Menu

#285 Upstream fix for register corruption in CpuArch.c

open
nobody
None
5
2016-06-07
2016-02-16
No

Please consider accepting the following patch to CpuArch.c in the LZMA SDK, upstreamed from Chromium.

The patch fixes two crashes we've seen in Chromium-derived projects:
(1) Register corruption due to clobbering $eax, $edx in CheckFlag. This clobbering harmless in many builds, but when the function is inlined is very likely to cause a crash, as $eax and $edx may contain information. This solution uses explicit clobber flags to warn the compiler that the values of $eax and $edx may change following the operation.
(2) Register corruption due to use of mov on $ebx/$edi on 64-bit builds: this solution uses $rbx, $rdi instead of $ebx, $edi on 64-bit platforms. (Using 'mov' on $ebx will zero the top 32 bits, but in AMD64, $ebx may contain a 64-bit value, so the existing code does not correctly save and restore the register value in 64-bit builds.)

The .patch file from version 15.14 of the SDK is attached. The effect of the patch is summarized at: https://codereview.chromium.org/1700453002/diff2/160001:180001/third_party/lzma_sdk/CpuArch.c

The history of these issues is detailed at:
https://code.google.com/p/chromium/issues/detail?id=248385
https://code.google.com/p/chromium/issues/detail?id=261676
and the associate changelists.

1 Attachments

Discussion

  • Igor Pavlov

    Igor Pavlov - 2016-02-17

    Thanks for patch.

    What do you think about defined(__PIC__) check?
    Why do we use __PIC__ check for MY_CPU_X86, but there is no such check for MY_CPU_AMD64?

    defined(MY_CPU_X86) && defined(__PIC__)
    
     
  • Joshua Pawlicki

    Joshua Pawlicki - 2016-02-17

    Good call, I think that's an oversight in the patch.

     
  • Igor Pavlov

    Igor Pavlov - 2016-02-18

    I don't develop with GCC with different systems. So I can't test that code in all cases. And I need exact code instructions and some text description that explains what we are doing.

     
  • Joshua Pawlicki

    Joshua Pawlicki - 2016-02-19

    OK. Looking more at this, I'm curious why we bother doing the register swaps at all rather than just declaring that the inline assembly clobbers the corresponding register contents, and leaving it up to the compiler to reason about the contents of those registers.

    Anyways, even if that's a bad idea for some reason, I agree the PIC check should be added. Given that, I propose: I'll make the corresponding changes in Chromium and let it bake there.
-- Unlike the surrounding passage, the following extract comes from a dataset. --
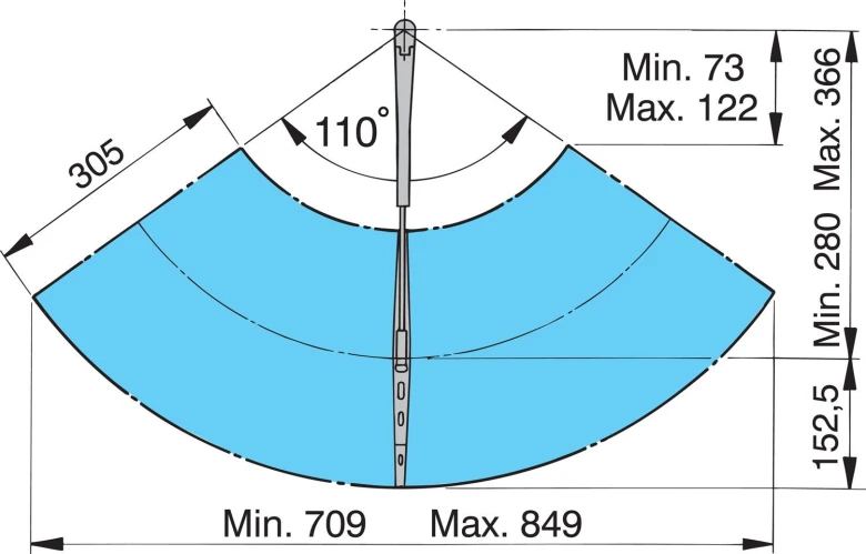 Armlængden kan nemt justeres fra 280 til 366 mm, hvilket giver dig mulighed for at tilpasse visningsområdet efter dine behov. Motoren har automatisk stop, en enkelt hastighed og mulighed for at indstille viskevinklen til enten 80º eller 110º, hvilket giver dig fleksibilitet i forskellige vejrforhold.

Chromium is built for (and deployed to) many different systems and architectures, and therefore it's likely that if any stability regression is introduced by these changes we'll detect it. If everything looks good, I'll send you another patchset after M50 hits the stable channel (~April 20th) and we don't see any rise in crashes.

     
  • Joshua Pawlicki

    Joshua Pawlicki - 2016-02-19

    Oh, one important question here is whether lzma_sdk needs to support GCC 4.9 or whether it's OK to require 5.0. If requiring 5.0 is not OK, we can't quite simplify the MyCPUID function as described above.

     

    Last edit: Joshua Pawlicki 2016-02-19
  • Igor Pavlov

    Igor Pavlov - 2016-02-20

    I want to support any GCC version.
    What problem with GCC before 5.0?

     
  • Joshua Pawlicki

    Joshua Pawlicki - 2016-02-23

    GCC 4.9 uses the bx register to track the global offset table in position-independent-code, and makes it a compile-time error to include any assembly code that clobbers bx or uses bx as an output register. This is why the if defined(MY_CPU_X86) && defined(__PIC__) is necessary: the code must use di as the output register instead, and manually restore bx after cpuid.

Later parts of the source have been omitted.